LRRK2 recruitment of JIP4 occurs through RAB35 and RAB10 phosphorylation
Next, we questioned if LRRK2 could also be able to recruit RAB35 and RAB10 to the lysosomal membrane in a kinase-dependent manner. LRRK2 pharmacological kinase inhibition lead to a complete blockage of RAB35 and RAB10 recruitment to LRRK2-positive LYS (Fig. 4H, I). In astrocytes expressing LRRK2 at endogenous levels, both RAB35 and RAB10 were recruited to the lysosomal membrane after LLOME treatment (Fig. S4A, B), which was blocked by MLi-2 (Fig. S4C, D). These results show that endogenous LRRK2 is able to relocalize both RAB proteins to permeabilized LYS in a kinase-dependent manner. As both RAB35 and RAB10 are recruited to the LYS in a similar fashion to LRRK2, we wanted to determine if RAB35 or RAB10 were important to maintain LRRK2 at the lysosomal membrane. However, depletion of RAB35 and RAB10 expression (Fig. S4E, F) did not alter the ability of LRRK2 to translocate to ruptured lysosomes (Fig. S4G). Taken together, our data indicates that LRRK2 precedes and mediates the recruitment of RAB35 and RAB10 in a kinase-dependent fashion.
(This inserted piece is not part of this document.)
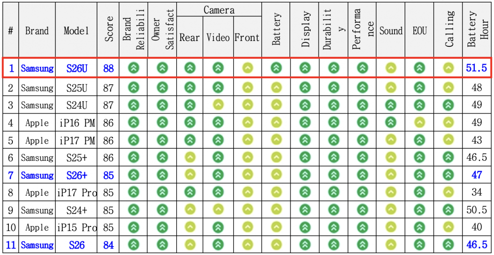 作为在全球范围内拥有极高公信力的独立评测机构之一,《消费者报告》的测试标准一向以严格、中立和客观著称,是消费者选购高端电子产品时的重要参考。此次三星 Galaxy S26 Ultra 能够名列前茅,不仅是对其硬件实力的肯定,更是对其「重塑用户日常体验」这一设计理念的认可。

In astrocytes transiently transfected with tagged versions of LRRK2, JIP4 and RAB35, and stained for endogenous RAB10, all four proteins are present in the same structures (Fig. S4H), suggesting a possible link between the two RAB proteins and JIP4. JIP4 has been previously shown to require several RAB GTPases to ensure its presence in the recycling endosomal membrane(35), so we hypothesized that LRRK2 is able to recruit JIP4 to ruptured lysosomes through the phosphorylation of RAB35 and RAB10. First, we examined the response to LLOME of RAB35/RAB10 mutants that cannot be phosphorylated by LRRK2 (T72/73A) compared to their WT counterparts. Both RAB phospho-null mutants showed a significant decrease in their lysosomal localization after LLOME treatment, with a diffuse distribution in the cytosol. RAB35-T72A mutant displayed a ∼50% reduction compared to the WT form while RAB10-T73A showed an ∼80% decrease compared to RAB10-WT (Fig. S4I, J). Next, we wanted to know if the phospho-null version of RAB GTPases affects the recruitment of JIP4 to ruptured LYS. In both cases, cells expressing the phospho-null mutation were unable to recruit JIP4 to the lysosomal membrane, even in cells where RAB35-T72A and RAB10-T73A had a lysosomal localization (Fig. 4J, K). Using co-immunoprecipitation in cells treated with LLOME, we were able to see endogenous JIP4 physically interacting with RAB10-WT but not RAB10-T73A (Fig. 4L). Under the same conditions, we failed to detect a physical interaction between JIP4 and RAB35. Taken together, our data show that LRRK2 recruits JIP4 through the phosphorylated forms of RAB35 and RAB10, and JIP4 is a RAB effector in the context of lysosomal membrane damage.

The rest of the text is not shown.